Task:
Whatever lies between the line with "پیردهن توپی مجلسی" and the end of the data, both included, must be copied exactly and without pictures.

Given material:
------------------------------------------------

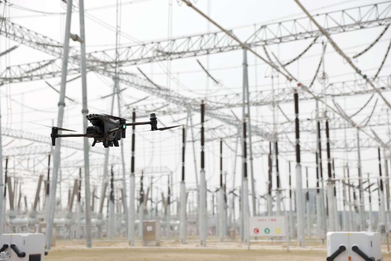 A drone inspects a power transformer at a 500-KV substation in Bozhou, east China's Anhui province. (People's Daily Online/Lou Yanxu)
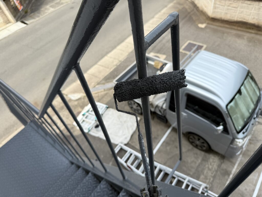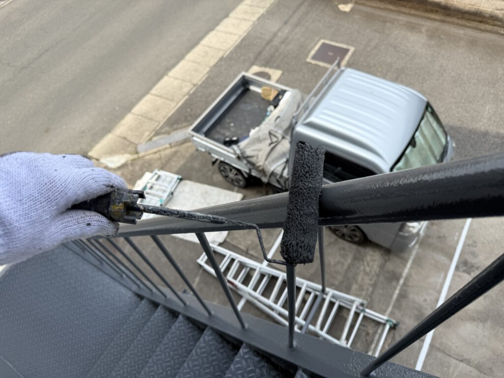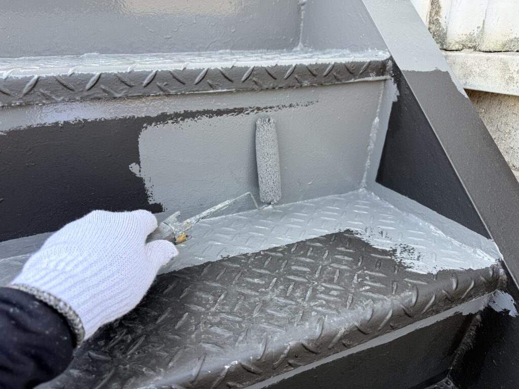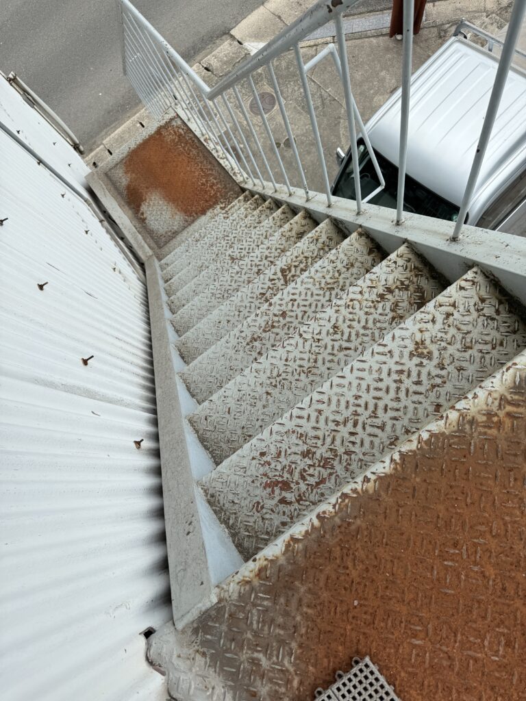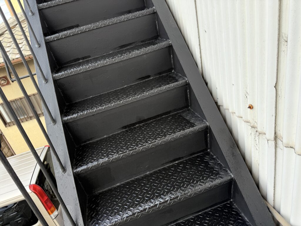 【福山市】階段鉄骨塗装工事|しっかりとした下地処理と丁寧な塗装で高耐久な鉄骨階段
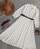 پیردهن توپی مجلسی راحله جنس الیزه دارای کمربند چرمی دامن کلوش
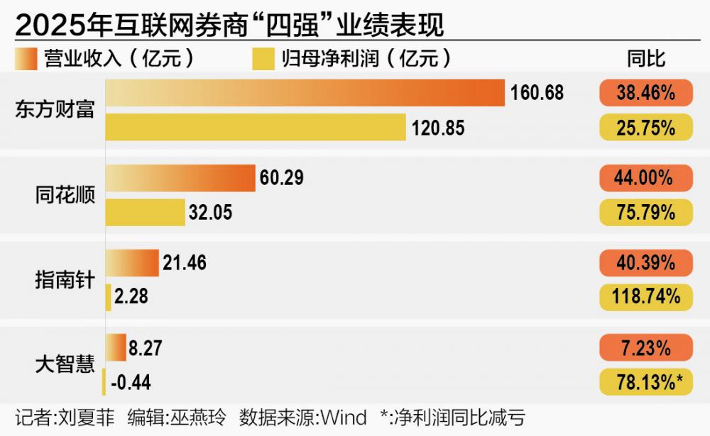 随着2025年年报的陆续披露,互联网券商“四强”:东方财富、同花顺、大智慧、指南针的最新“战绩”悉数亮相。

------------------------------------------------

Reply to the exercise:
 پیردهن توپی مجلسی راحله جنس الیزه دارای کمربند چرمی دامن کلوش
 随着2025年年报的陆续披露,互联网券商“四强”:东方财富、同花顺、大智慧、指南针的最新“战绩”悉数亮相。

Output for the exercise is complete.